2.8. Bacterial Adhesion and Invasion Assay

The Caco-2 (RRID: CVCL_0025) cell lines were procured from National Centre for Cell Science (NCCS), Pune, India and passaged and preserved at –196 °C. The cell lines were revived and plated onto 12-well cell culture plates (Eppendorf, Germany) with a density of 10⁵ cells/well and incubated at 37 °C with 5% CO₂ for 24 h. A monolayer of cells showing 70–80% confluence was selected for further experiment. The plates containing cells were washed with Dulbecco’s phosphate-buffered saline (D-PBS). The pre-existing medium was removed, and then added with Dulbecco’s Modified Eagle Medium (DMEM), containing 10% fetal bovine serum (FBS) w/o antibiotics prior to bacterial infection.

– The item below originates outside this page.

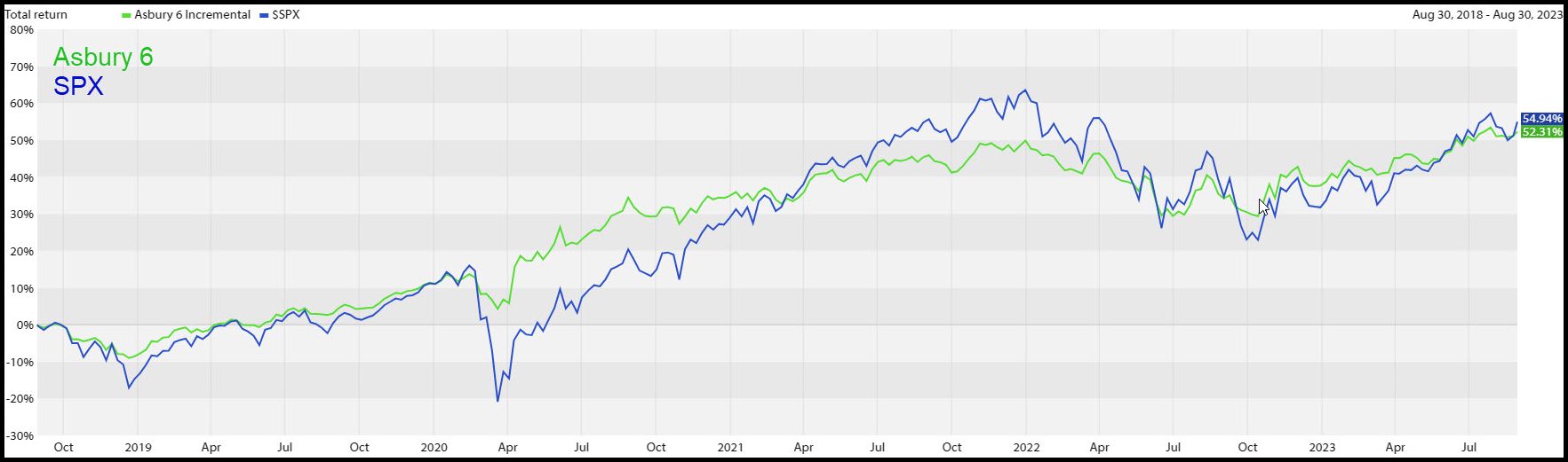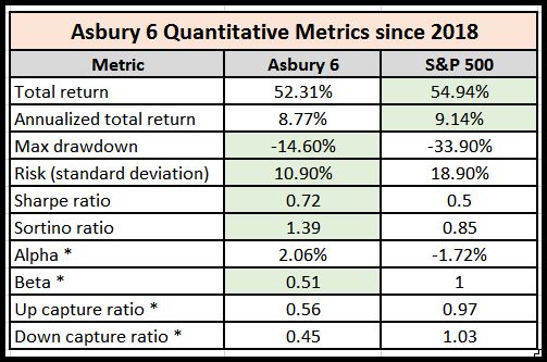 Moreover, the table below shows that the incrementally-tested Asbury 6 has essentially been a relative performer versus the S&P 500 over the past 5 years but with a maximum drawdown that was roughly half of the S&P 500, and with about half the risk according to both beta and standard deviation.

Bacteria cells grown under different in vitro gut conditions were used to infect Caco-2 cells with a multiplicity of infection (MOI) of 10 and incubated with 5% CO₂ in an incubator. For adhesion assay, after 30 min of incubation, the monolayers were washed twice with D-PBS and lysed using 500 μL of cold 0.1% Triton X-100. The bacteria were enumerated by plating the serially diluted aliquots and grown overnight at 37 °C [20]. For invasion assays, the monolayers incubated with bacteria for one and half hours were washed with D-PBS and incubated further for 30 min with DMEM and 10% FBS-containing gentamicin (100 µg/mL) to kill extracellular bacteria. Caco-2 monolayers were washed and lysed, and intracellular bacteria were enumerated, as mentioned above.